Parwana’s story is also fascinating. She is in love with Saboor from a very young age, when Saboor was also a young man. Her sister, Masooma, who is fair, very pretty with blond hair, steals a march on her and gives Saboor – fond of telling stories and dreaming of being a writer – the notebook that Parwana had got to give him. When they are on a tree and Masooma confides that Saboor’s parents will ask for Masooma’s hand, jealousy makes Parwana push Masooma off the tree and cripple her for life.
After a while, Masooma begs to be released from her life and wants Parwana to do it. She also asks Parwana to marry Saboor, who had already married, gave birth to two kids and had been widowed at the childbirth when Pari was born.
Now we switch to Nabi. He watches Mr Wahdati marry a woman, Nila, who is out of tune with the conservative mores of Afghani society and also does not see eye to eye with her husband. Nabi is totally infatuated by her but she is unattainable, of course. Improbably, Nabi and Nila get close (as friends and confidants) and Nabi takes her to see Saboor’s house, especially Pari and Abdullah. He learns on the way back that Nabi is barren because of removal of ovaries.
He suggests adopting Pari and even Mr Wahdati takes a shine to the girl but Saboor cuts him off totally. He is persuaded to part with Pari due to difficulties and due to a promise that would make Pari live comfortably for the rest o her life.
When Wahdati is indisposed by a stroke, Nabi stays with him but Nabila leaves to Paris with Pari – they were never close, ever.
Nabi too does not get the closeness he thinks he will get by giving up Pari to the Wahdatis.
He discovers that Suleiman (Mr Wahdati) had a love for him all these years. As an invalid, Nabi cared for him and got caught in the war’s damages.
Finally, there is a heartrending piece about how Nabi is asked to do one final favour for Suleiman when his health worsens. All with the background of war, the Soviets, the Muhahideen and the Taliban. In fact, these background landscape appears in each of his books but does not appear tiresome at all, such is the skill of the author in breathing new life into his stories. Truly a gifted author, this one is.
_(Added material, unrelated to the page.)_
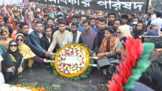 ছাত্র অধিকার পরিষদের সাধারণ সম্পাদক আরিফুল ইসলাম আদীবের নেতৃত্বে শ্রদ্ধা নিবেদন করে ছাত্র অধিকার পরিষদ। এ সময় উপস্থিত ছিলেন- সংগঠনের সহসভাপতি নেওয়াজ খান বাপ্পী, যুগ্ম সাধারণ সম্পাদক নাজমুল হাসান, সহসাংগঠনিক সম্পাদক মামুনুর রশীদসহ নেতাকর্মীরা।

But of you compare this story to his earlier masterpieces, especially A Thousand Splendid Suns, this one comes across as weak and moves through generations like the Kite Runner does. Idris and Timur, the children of Nabi’s neighbour, come into the picture and so does Roshi, a victim of an axe attack by her own uncle in a vicious family feud. Idris, a successful doctor, has an attack of the conscience. Abdullah is seen running a kabob shop in California with a wife and a daughter whom he has named Pari. The fact that Idris chickens out from pulling Roshi out and kind of adopting her is realistic.
The story of Pari and her alcoholic mother and Pari’s affair with a much older professor called Julienne in Paris are fairly boring. Pari going out with Julien, then leaves him and marries Eric, getting flashbacks about her early childhood, all that is very unnatural and you realize that Khalid Hosseini does not do modern urban life as well as he does the rural Afghan life – even in this book.
What is more interesting is the meeting between Abdullah’s grandson and the son of a warlord who does not know the extent of the misery his father has caused. That part is quite well done. (Again, Afghani life, not the emigre experience).
Except for Markos and his relationship with his mom and Thalia, the disfigured daughter (dog bite and a botched operation to fix it) Thalia who comes to live with Markos and her mom. And therein lies another problem. The book seems like disjointed account of several people’s lives, with only a tenuous touchpoint that some of them were in Afghanistan at one point or another. It does not have the coherent narration of his earlier work A Thousand Splendid Suns, or even the limited disjointedness of the first book The Kite Runner.
The ending – he tries his memory stuff again, which he used so devastatingly in the previous two books but somehow this time it does not hold so much power as the previous two books.
Still a good book to read and is on most peoples ‘Recommended Reading’ list. A pity that it is not as good as his previous books.